Essa experiência deu origem ao Método BASE, utilizado por Vitória nos processos de diagnóstico e desenvolvimento estratégico de empresárias. A metodologia também servirá de fundamento para uma mentoria em grupo lançada pela Click Conexão, reunindo mulheres que buscam fortalecer seus negócios antes de ampliar investimentos em comunicação e vendas.
BOX | Empreendedorismo feminino em números
Os desafios por trás do crescimento
• Mais de 2 milhões de pequenos negócios foram abertos por mulheres no Brasil em 2025, o maior número da série histórica do Sebrae.
• As mulheres já representam cerca de 42% das novas empresas formalizadas no país.
• 56% das empreendedoras apontam o marketing como uma das maiores dificuldades da gestão.

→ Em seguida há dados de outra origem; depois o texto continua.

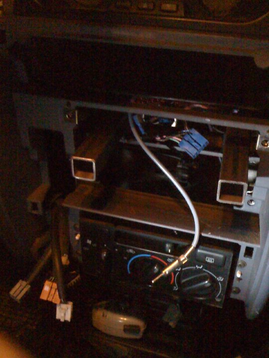 og smellti henni c.a hérna inn, utanum festingarbracketið fyrir útvarpið, boltaði hana bara í.
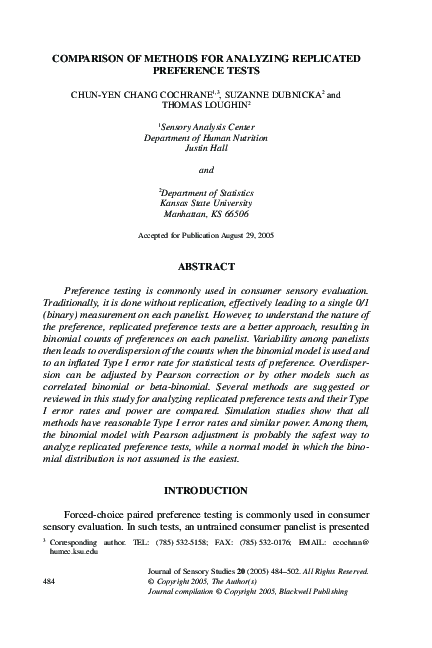 (PDF) Comparison of Methods for Analyzing Replicated Preference Tests ...

• 49% enfrentam desafios relacionados à organização financeira.
• 39% afirmam ter dificuldades para planejar o crescimento e estabelecer metas.
• Quase 50% convivem com sobrecarga mental ao conciliar empresa, família e vida pessoal.
Fontes: Sebrae Nacional e Sebrae Minas, com base em dados da Receita Federal e em pesquisa sobre empreendedorismo feminino.